PROMPT:
Print the entries in full, word for word, but not the pictures.

ENTRIES SHOWN:
[Start of section]
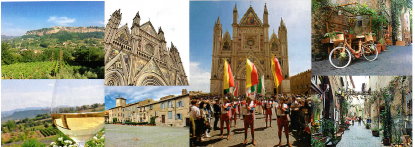
歴史文化を誇り、市民の健康や環境を大切にしながら、スローライフや食生活を楽しむことのできる街

1999年に発足したスローシティ国際連盟の本部を置き、「スローライフ」や「スローなまちづくり」の首都として、美味しいワインや良質な農産物、豊かな自然や人に優しい環境、まちなかの活性化と伝統産業や手工業、そして素晴らしい歴史的な建物などを守っていきます。
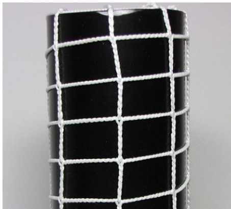
Kettfaden bis 5000 dtex Warp up to 5000 dtex
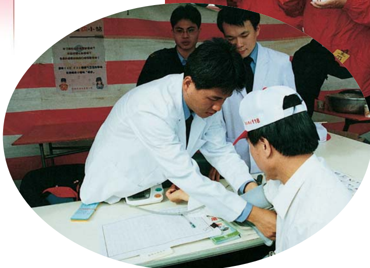
▲ 免費提供民眾健康諮詢服務－園遊會一景
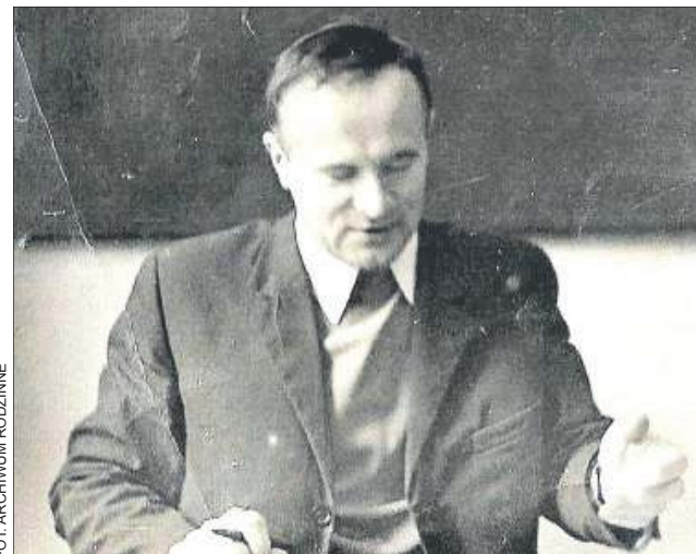
Przełom lat 60. i 70. W sali lekcyjnej „Chopina”

ne pamiętają, że nagrodą za dobre zachowanie było móc ponosić jego teczkę podczas przerwy”.
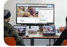
Vermittlung digitaler Kompetenzen
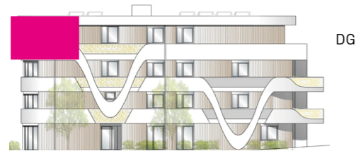
Haus E - Ansicht Nord
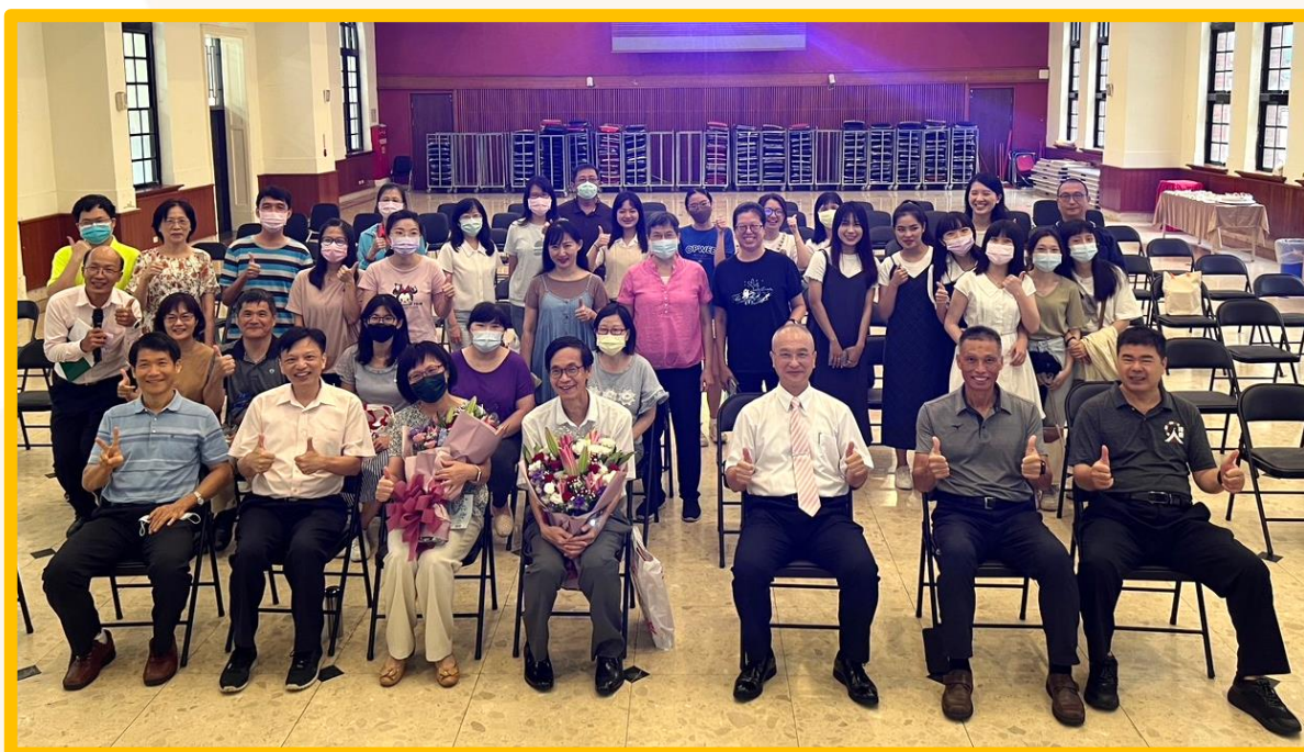
【2023 年 6 月 7 日 退休茶會】
[End of section]
RESULT OF THE EXERCISE:
歴史文化を誇り、市民の健康や環境を大切にしながら、スローライフや食生活を楽しむことのできる街

1999年に発足したスローシティ国際連盟の本部を置き、「スローライフ」や「スローなまちづくり」の首都として、美味しいワインや良質な農産物、豊かな自然や人に優しい環境、まちなかの活性化と伝統産業や手工業、そして素晴らしい歴史的な建物などを守っていきます。
Kettfaden bis 5000 dtex Warp up to 5000 dtex
▲ 免費提供民眾健康諮詢服務－園遊會一景
Przełom lat 60. i 70. W sali lekcyjnej „Chopina”

ne pamiętają, że nagrodą za dobre zachowanie było móc ponosić jego teczkę podczas przerwy”.
Vermittlung digitaler Kompetenzen
Haus E - Ansicht Nord
【2023 年 6 月 7 日 退休茶會】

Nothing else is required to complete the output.